### YOUR INSTRUCTIONS
With the pictures omitted, repeat exactly the lines below starting with the line that has "5월 31일자로 수원지검과" and going on through the line that has "Edelstahl Spültisch PRO".
────────────────────
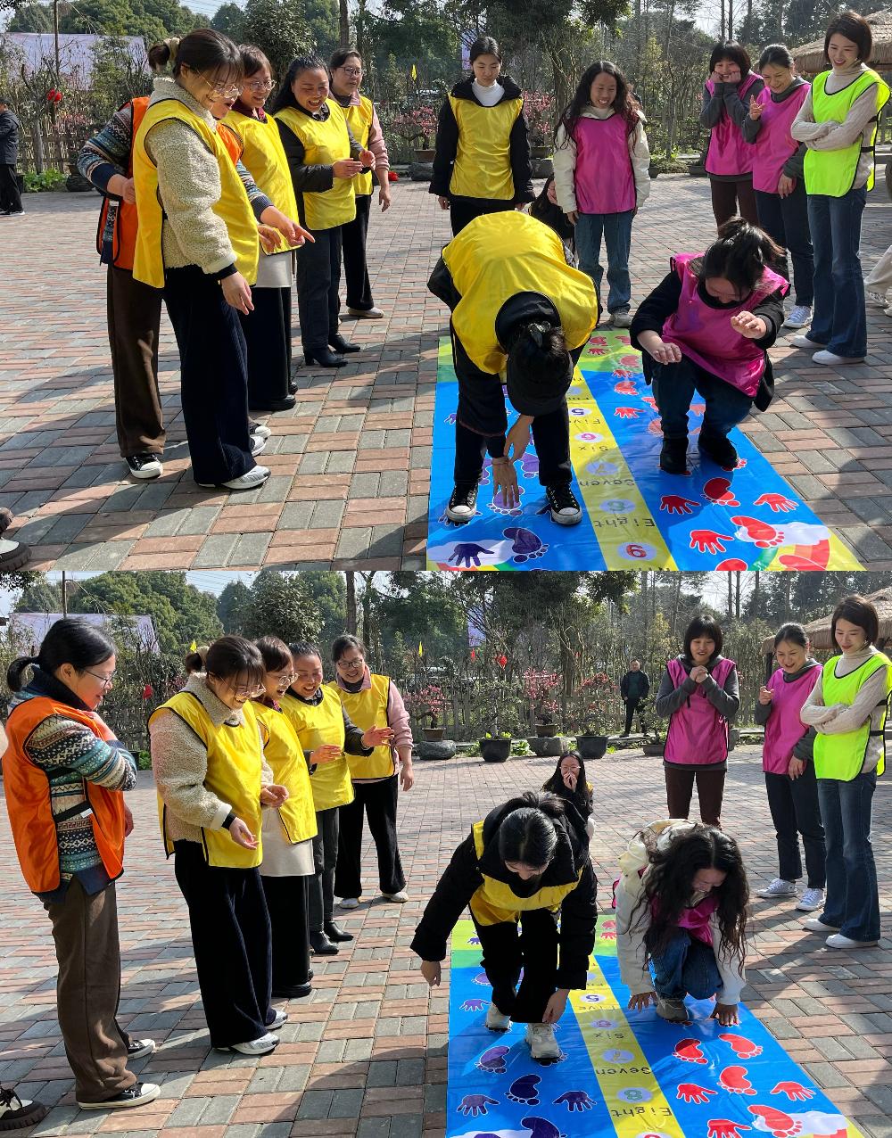 在“手脚并用”项目中,队员们通过精准指令与默契配合,在五彩方格间踏出和谐韵律。
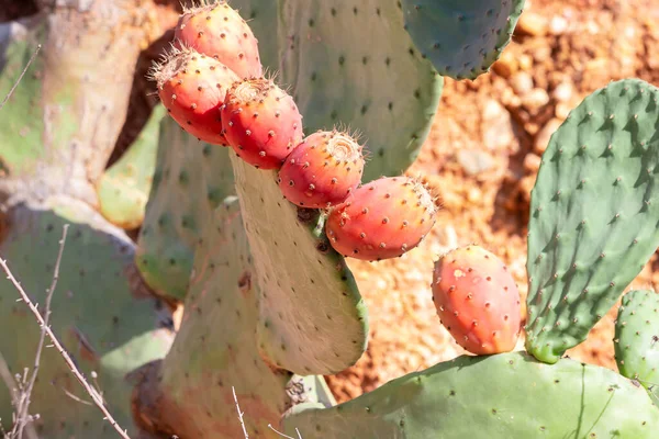 Prickly pear cactus close up with fruits in red color. Opuntia, commonly called prickly pear, is a genus in the cactus family, Cactaceae. Prickly pears are also known as tuna (fruit), sabra, nopal
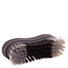 Zachte hoofd borstel met synthetische haren, die voorzichtig stof en vuil van de vacht van het paard verwijdert. De borstel heeft een praktische greep en een antislip rubberen rand aan de achterkant, waardoor het gemakkelijk vast te houden is tijdens gebruik.
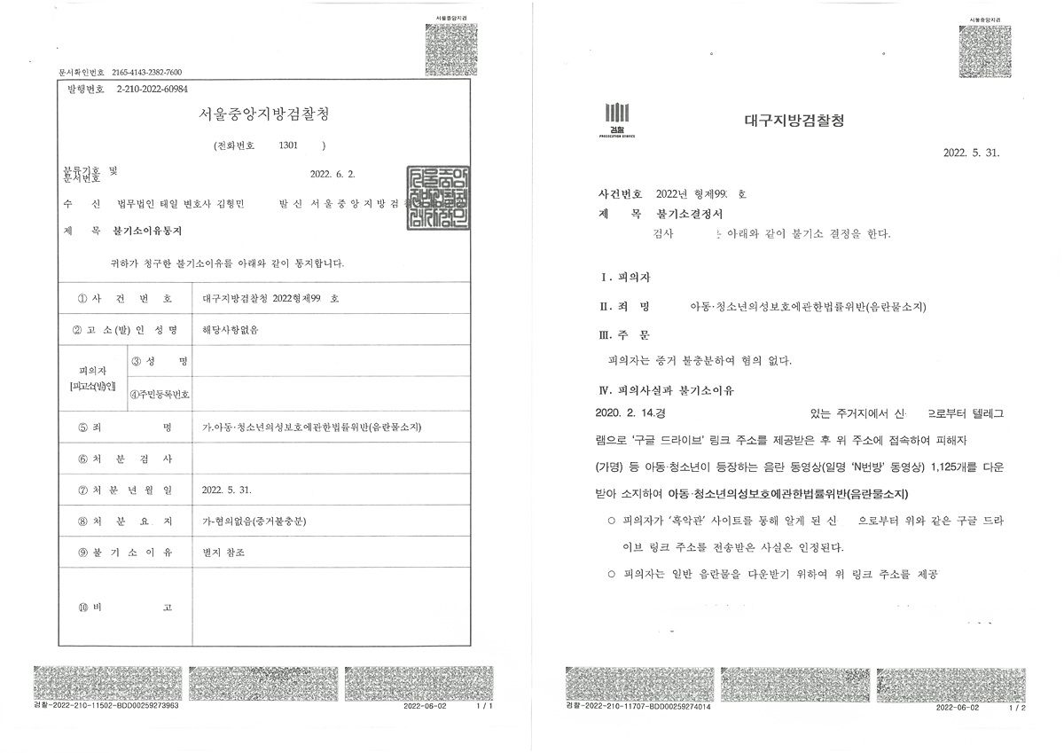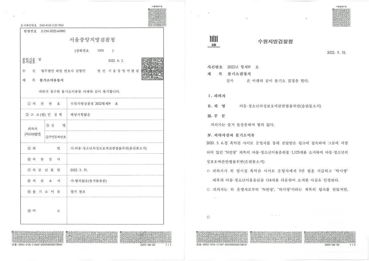 5월 31일자로 수원지검과 대구지검에서 각 한 건씩의 불기소처분을 받아 오늘 수령하였습니다.
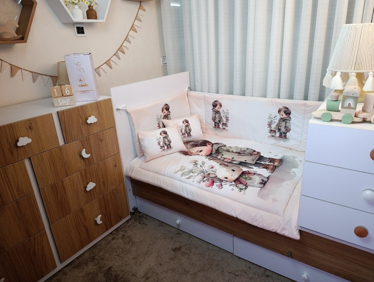 این سرویس با داشتن گاردهای محافظ، بالش و روبالشتی، لحاف و ملحفه، مجموعهای کامل برای راحتی، ایمنی و زیبایی تخت نوزاد فراهم میکند.
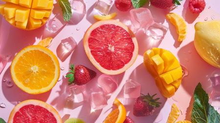 An arrangement of fresh fruits and ice cubes on a pink background, highlighting the vibrant colors and refreshing nature.
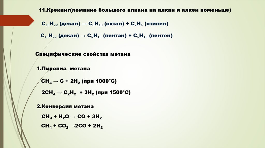 11.Крекинг(ломание большого алкана на алкан и алкен поменьше)C₁₀H₂₂ (декан) → C₈H₁₈ (октан) + C₂H₄ (этилен)
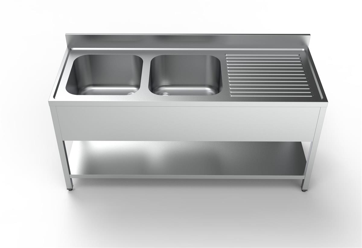 Edelstahl Spültisch PRO mit Grundboden 180 x 70 cm - 2 Becken links
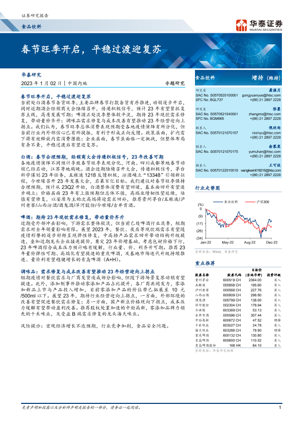 【华泰证券】【20230102】20230102-华泰证券-食品饮料专题研究:春节旺季开启,平稳过渡迎复苏-11页
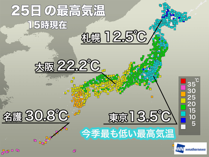 15時までの東京の最高気温は、12月上旬並みの13.5℃で、22日(水)に観測した15.4℃を下回って今季最も低い最高気温となっています。最高気温が15℃を下回れば14.1℃を観測した4月13日以来およそ半年ぶりです。
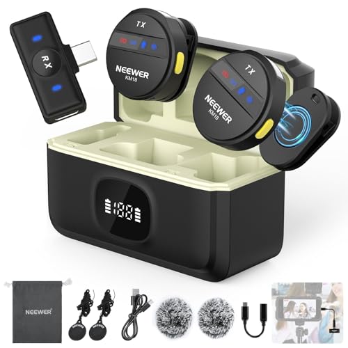 NEEWER Lavalier trådlös iPhone Mikrofon, Anti-Brus, Mini Lapel Mic med USB C/OTG/laddningsfodral Batteri 24h för Video Vlog Kompatibel med iPhone 16 15 Android Phone PC Laptop, KM18
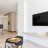 A living room with sofa couch, flat screen TV. The living room opens onto the terrace.
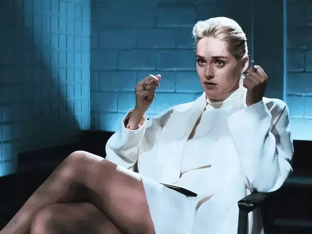 从此,莎朗.斯通凭借白裙、金发、冰烟,成为90年代性感女神的代名词。
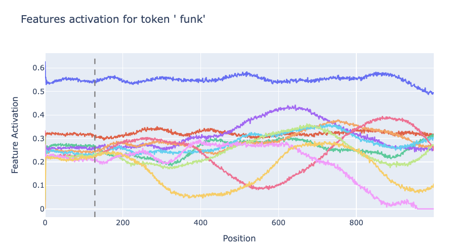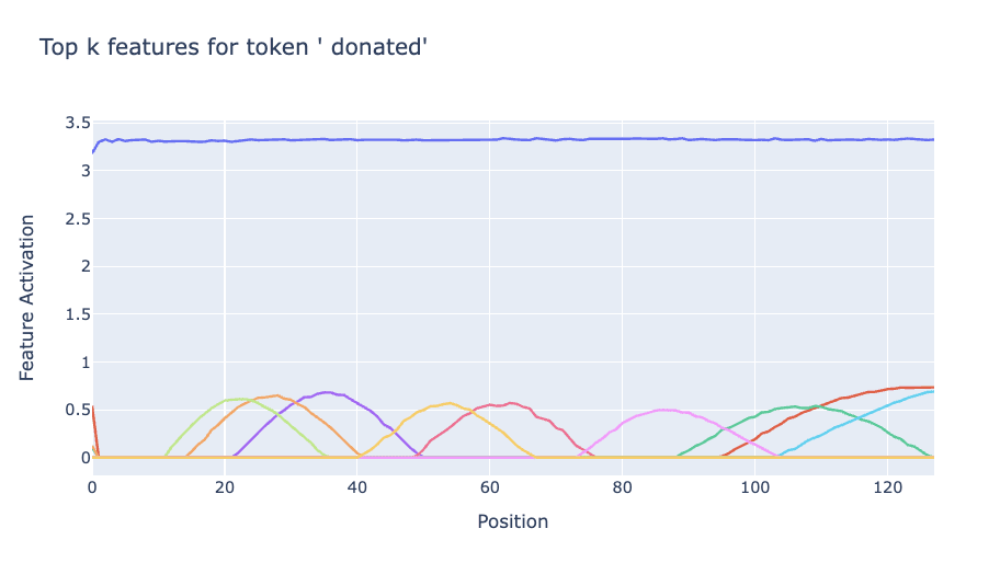 Semantic features are relatively well studied, so we only briefly study them here. In particular, we can find the most important features for a given token by assigning token scores for each feature for a particular token by instead taking the mean over all positions. Below we plot the top-k features for a particular token. We generally find that for a fixed token there are some strong/weakly activating token dependent features (horizontal lines), and a set of lower magnitude position dependent features (bumps) that fire conditional on the sequence position.
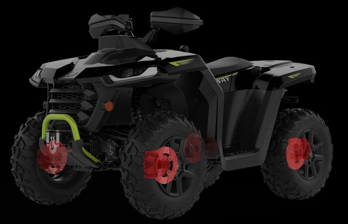 Mismunadrif að bæði framan og aftan gerir hjólin mun mýkri í akstri, léttari í stýri og stöðugri á vegi. Bæði drifin eru svo læsanleg, í sitthvoru lagi að framan og aftan, svo þú getur drifið hvert sem er og losað þig úr öllum aðstæðum.
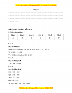 Vậy số liền trước của số 500 là: 499 Câu 2: Đáp án đúng là: B 728 = 700 + 20 + 8 Câu 3: Đáp án đúng là: B 319 + 215 = 534 726 – 218 = 508 164 + 721 = 885 681 – 80 = 601
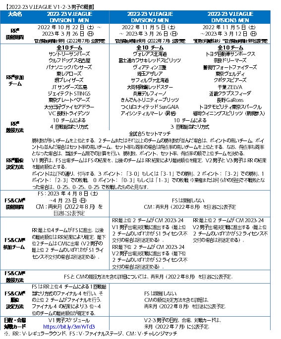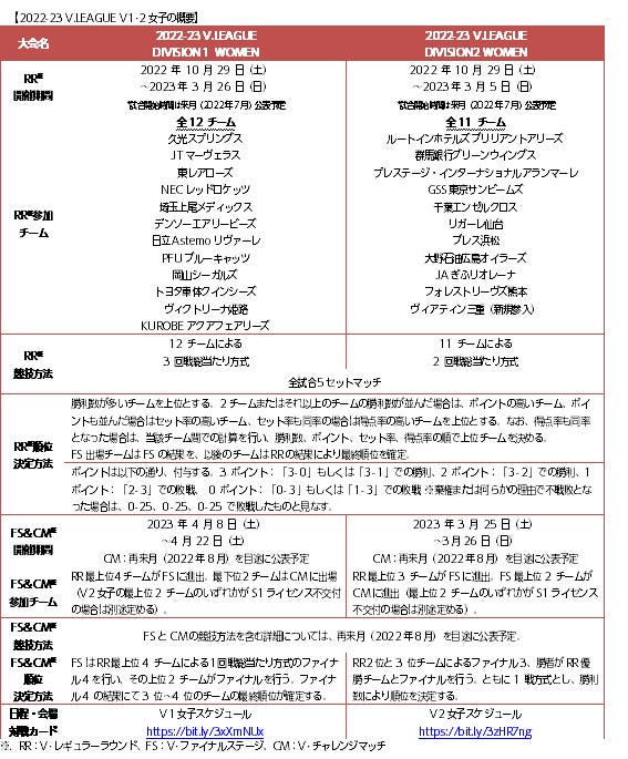 V1男子は10月22日(土)に、V1女子・V2女子は10月29日(土)に開幕し、いずれも翌年3月までV・レギュラーラウンドを戦い抜きます。その成績によって、V・ファイナルステージとV・チャレンジマッチへの出場チームが決定します。詳細については再来月(2022年8月)を目途に公表する予定です。 V2・3男子の日程、会場、対戦カードは、来月(2022年7月)に発表します。
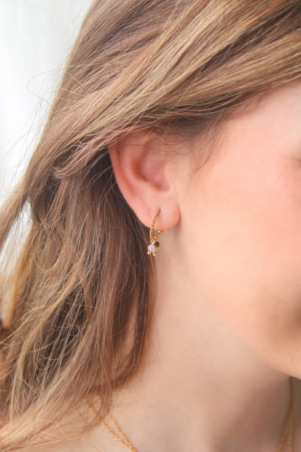 Stainless steel oorringetjes met de drie prachtige stenen Granaat, Prehniet en Kunziet. Ze vormen samen ook een hele mooie kleurencombi.
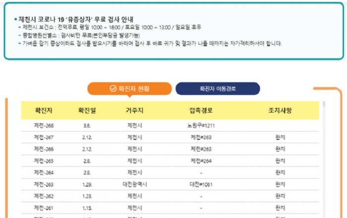 ▲ 6일 제천시 홈페이지 코로나19 확진자 현황JD News 이용희 기자 = 충북 제천지역에 신종 코로나바이러스 감염증(코로나19) 60대 남성 A(제천 268번)씨 확진자가 1명 추가 됐으며, 지난달 12일 이후 22일만이다.6일 제천시에 따르면
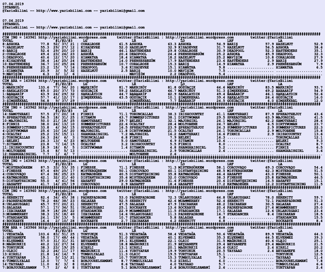 07.06.2019.ISTANBUL tahminleri 06 Perşembe Haz 2019 Posted by yarisbilimi in istanbul, yorum ≈ Yorum bırakın Etiketleristanbul
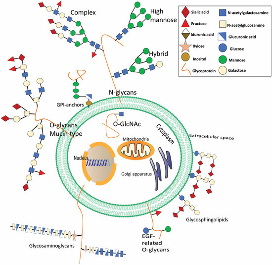 Glycans are the most common and diverse biopolymers in nature, attaching to proteins or lipids through glycosylation to generate glycoproteins and glycolipids, respectively, and are one of the four essential components of plant and animal cells. According to the linkage between glycans and the protein core regions, N-glycans, O-glycans, glycosaminoglycans, and glycosphingolipids are the four categories of distinguishable glycans [8,9]. Glycans are involved in biological processes that occur in the tumor, for example, cell-cell signaling and communication, cancer cell metastasis and invasion, angiogenesis of the tumor, and immunological regulation [10].
────────────────────
### THE COMPLETED TASK
 5월 31일자로 수원지검과 대구지검에서 각 한 건씩의 불기소처분을 받아 오늘 수령하였습니다.
 این سرویس با داشتن گاردهای محافظ، بالش و روبالشتی، لحاف و ملحفه، مجموعهای کامل برای راحتی، ایمنی و زیبایی تخت نوزاد فراهم میکند.
 An arrangement of fresh fruits and ice cubes on a pink background, highlighting the vibrant colors and refreshing nature.
 11.Крекинг(ломание большого алкана на алкан и алкен поменьше)C₁₀H₂₂ (декан) → C₈H₁₈ (октан) + C₂H₄ (этилен)
 Edelstahl Spültisch PRO mit Grundboden 180 x 70 cm - 2 Becken links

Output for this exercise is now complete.